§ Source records

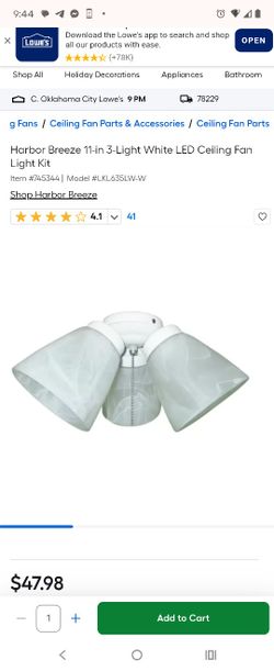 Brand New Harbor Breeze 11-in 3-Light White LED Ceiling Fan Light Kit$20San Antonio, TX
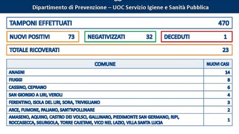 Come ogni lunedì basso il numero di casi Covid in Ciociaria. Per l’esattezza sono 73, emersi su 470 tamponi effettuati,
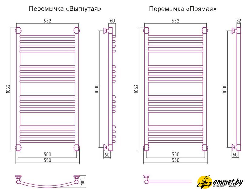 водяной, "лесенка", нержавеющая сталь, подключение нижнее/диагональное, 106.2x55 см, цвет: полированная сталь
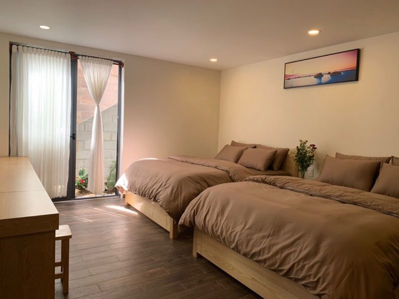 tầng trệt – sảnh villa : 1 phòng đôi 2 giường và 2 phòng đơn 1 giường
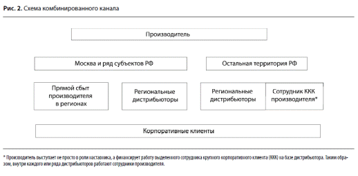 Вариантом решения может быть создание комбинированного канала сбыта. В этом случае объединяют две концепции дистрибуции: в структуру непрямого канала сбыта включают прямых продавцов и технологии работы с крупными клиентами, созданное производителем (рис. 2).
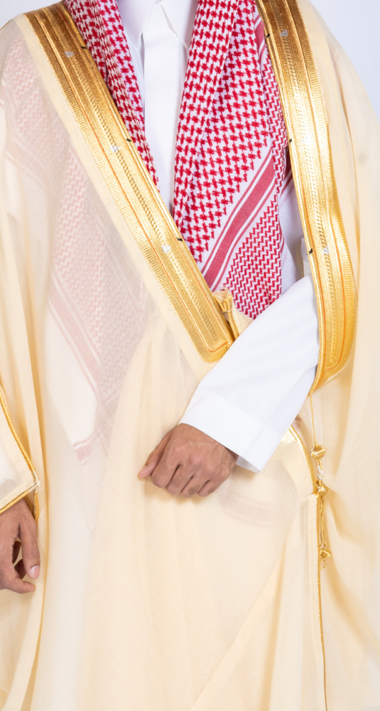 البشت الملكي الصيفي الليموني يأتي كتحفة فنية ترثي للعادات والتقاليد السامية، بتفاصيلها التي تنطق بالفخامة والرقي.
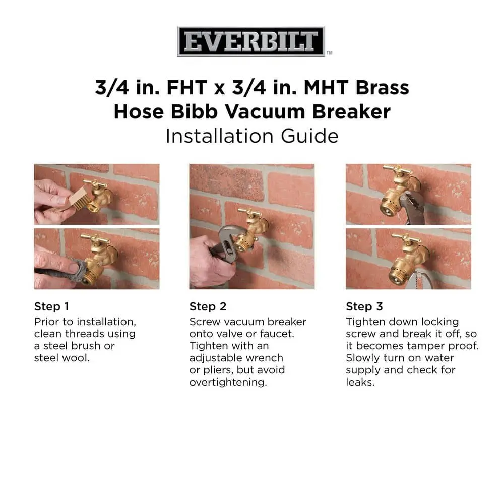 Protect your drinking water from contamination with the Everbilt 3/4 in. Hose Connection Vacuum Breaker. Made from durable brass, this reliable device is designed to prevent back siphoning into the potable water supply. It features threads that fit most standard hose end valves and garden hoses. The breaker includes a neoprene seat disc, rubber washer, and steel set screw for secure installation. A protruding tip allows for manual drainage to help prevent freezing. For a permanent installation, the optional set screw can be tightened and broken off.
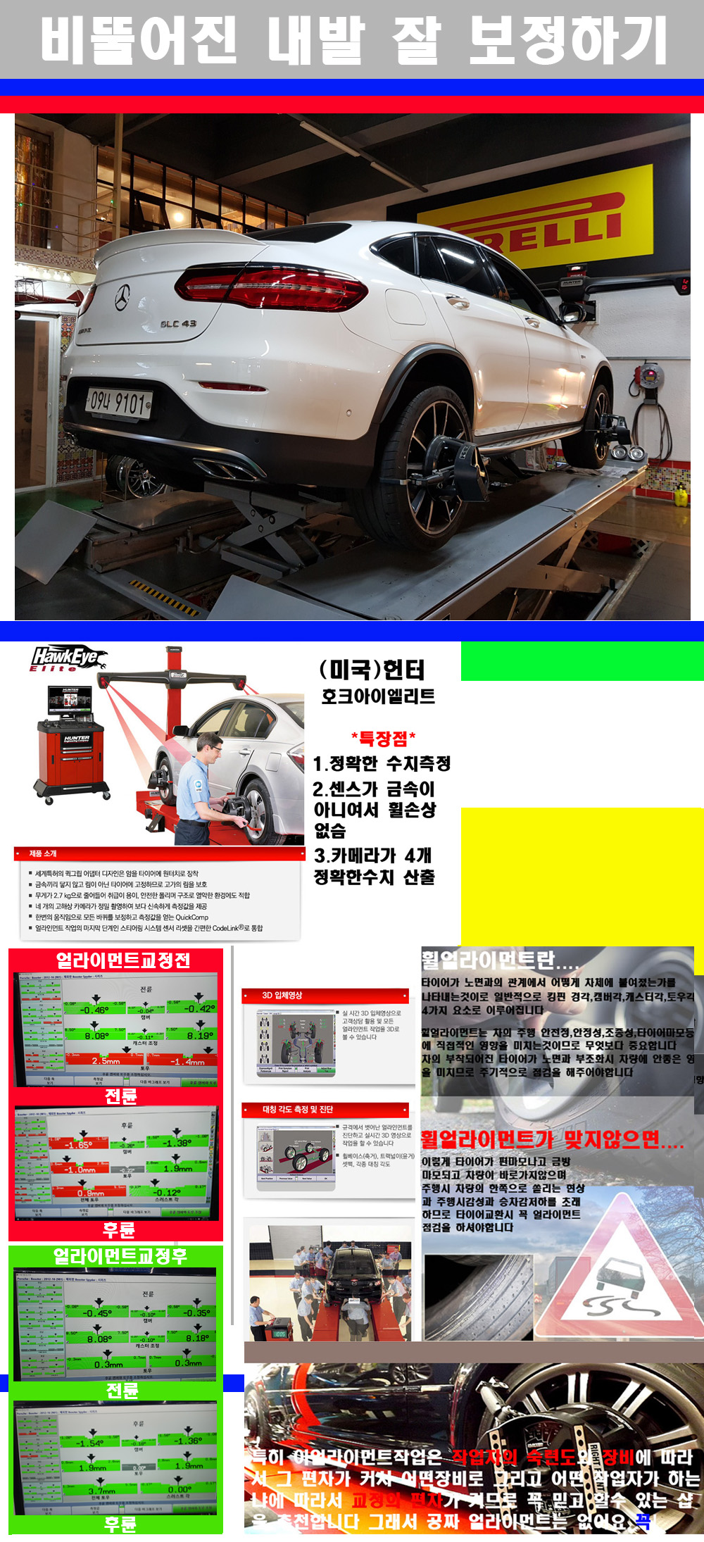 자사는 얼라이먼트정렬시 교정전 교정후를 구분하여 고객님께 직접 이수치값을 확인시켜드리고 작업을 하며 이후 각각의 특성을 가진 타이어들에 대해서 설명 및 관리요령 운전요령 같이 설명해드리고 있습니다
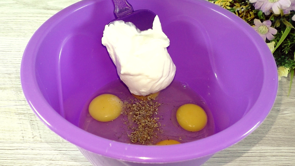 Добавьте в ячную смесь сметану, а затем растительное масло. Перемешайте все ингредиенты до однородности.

§ What is needed
All that should be printed is the run of lines above from the one with "Come ogni lunedì" through the one with "Protect your drinking", both included, exactly as given, with pictures left out.

§ Written answer
 Come ogni lunedì basso il numero di casi Covid in Ciociaria. Per l’esattezza sono 73, emersi su 470 tamponi effettuati,
 водяной, "лесенка", нержавеющая сталь, подключение нижнее/диагональное, 106.2x55 см, цвет: полированная сталь
 tầng trệt – sảnh villa : 1 phòng đôi 2 giường và 2 phòng đơn 1 giường
 Вариантом решения может быть создание комбинированного канала сбыта. В этом случае объединяют две концепции дистрибуции: в структуру непрямого канала сбыта включают прямых продавцов и технологии работы с крупными клиентами, созданное производителем (рис. 2).
 البشت الملكي الصيفي الليموني يأتي كتحفة فنية ترثي للعادات والتقاليد السامية، بتفاصيلها التي تنطق بالفخامة والرقي.
 Protect your drinking water from contamination with the Everbilt 3/4 in. Hose Connection Vacuum Breaker. Made from durable brass, this reliable device is designed to prevent back siphoning into the potable water supply. It features threads that fit most standard hose end valves and garden hoses. The breaker includes a neoprene seat disc, rubber washer, and steel set screw for secure installation. A protruding tip allows for manual drainage to help prevent freezing. For a permanent installation, the optional set screw can be tightened and broken off.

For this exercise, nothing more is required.